Photo by Inger Marie Muldvad / SMK
What is your plan for the weekend during CHART?
One thing is for sure: It's going to be busy. Several meetings are scheduled, I’m on a panel Saturday, and have a guided tour and a talk at SMK on Sunday. Formal arrangements aside, I visit CHART to get a sense of what’s cooking on the Nordic gallery scene, to meet friends and colleagues I haven’t seen in an extraordinarily long time due to corona. There are lots of interesting artists on show, and I’m particularly curious to see works by Esben Weile Kjær (Andersen’s Contemporary), Sandra Mujinga (Croy Nielsen), Ragna Braase (Galleri Susanne Ottesen) and Sif Itona Westerberg (Gether Contemporary). This year’s art book fair is a great and very promising invention. I must admit that I’m a sucker for artist books and printed matter. I might also attend the talk on The Art Book As a Room.
Who are you?
I’ve been asking myself this question many times. I suppose that deep down I don’t know. ‘Left-leaning, white, male, academic’ doesn’t really say that much. Identities are necessarily multiple, and you are never only this or that, even though there might be a strong individual desire to identify as this or that.
What’s your job?
I work as a museum director at SMK – Statens Museum for Kunst. Research and art writing is also part of what I do.

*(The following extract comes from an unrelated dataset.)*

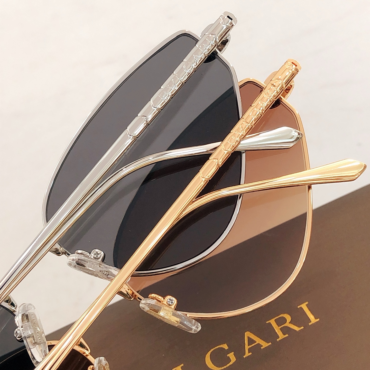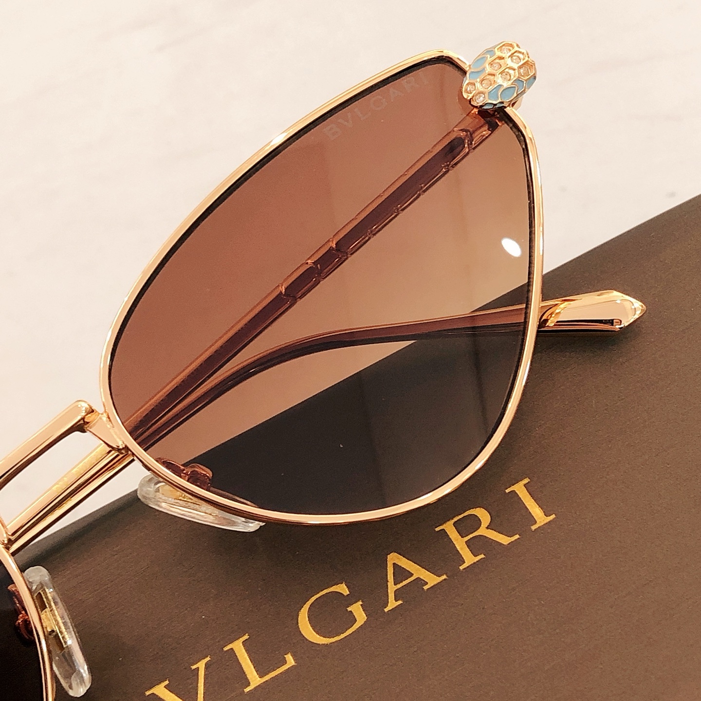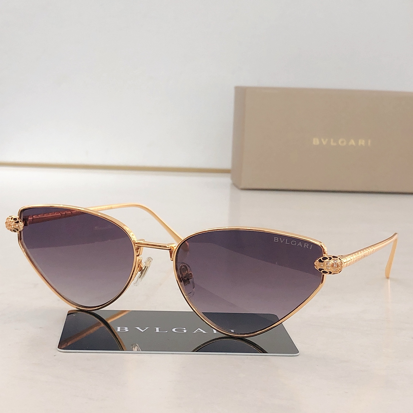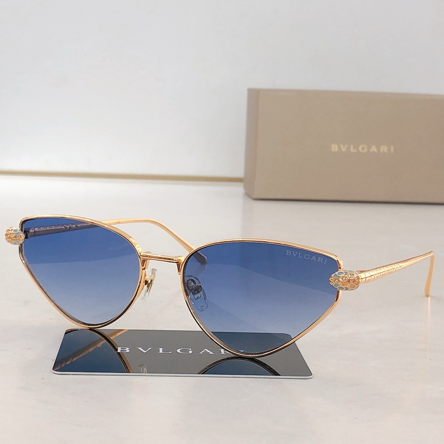 这款太阳眼镜是AAAAA 1:1 质量 (非常棒). 使用了和原版一模一样的材料. 商标部分也保持了和宝格丽/Bulgari一样. 图片拍摄是实物太阳眼镜拍摄, 您所收到的实物保证和我们图片一模一样.

What does that mean? What do you do?
I’ve been working as an independent writer and art critic, as a university professor, as rector of the Schools of Visual Arts in Copenhagen and since 2014 I’ve been serving as the director of SMK, the National Gallery of Denmark. But what does it all mean? 30 years or more of attempts at understanding and writing about matters related to art, contemporary or historical, and also more than 20 years of institutional leadership. Leadership means driving a strategically coherent and societal relevant development in your organization and securing the funding and the staff it takes. I am blessed with an extremely talented and engaged team at SMK, but after months of lockdown the financial situation could have been much brighter.
Did you plan to be in your specific role / profession or did life happen?
I suppose that I’ve never been doing long-term career planning. After some time working as an art critic in my late twenties I decided to apply for PhD scholarship and from there on I continued in a classical university career track. At one point I got involved in university management as a head of the department I worked in. Leading became part of what I did. And it still is. But I’ve always tried to stay in close touch with the dynamics of my fields of art historical expertise.
Who’s side are you? (Client / collector / artist / gallery / state / public / other)
Professionally I’m on the state-owned gallery side. However, more often than not I just enjoy looking, reading and listening more than anything else, and I don’t feel I do this in any particular capacity.
Are you winning?
I’ve never felt like a winning person (nor a loser) and I’ve always resented almost any kind of competition. Yet, even though I try to avoid them, I often find myself in competitive situations.
What’s the best thing in the artworld?
Interesting artistic practices and art works.
What’s the worst?
Emptiness.
What are you doing about it?
Try as best I can and with the institutional means at hand to make meaningful, necessary and well-researched exhibitions.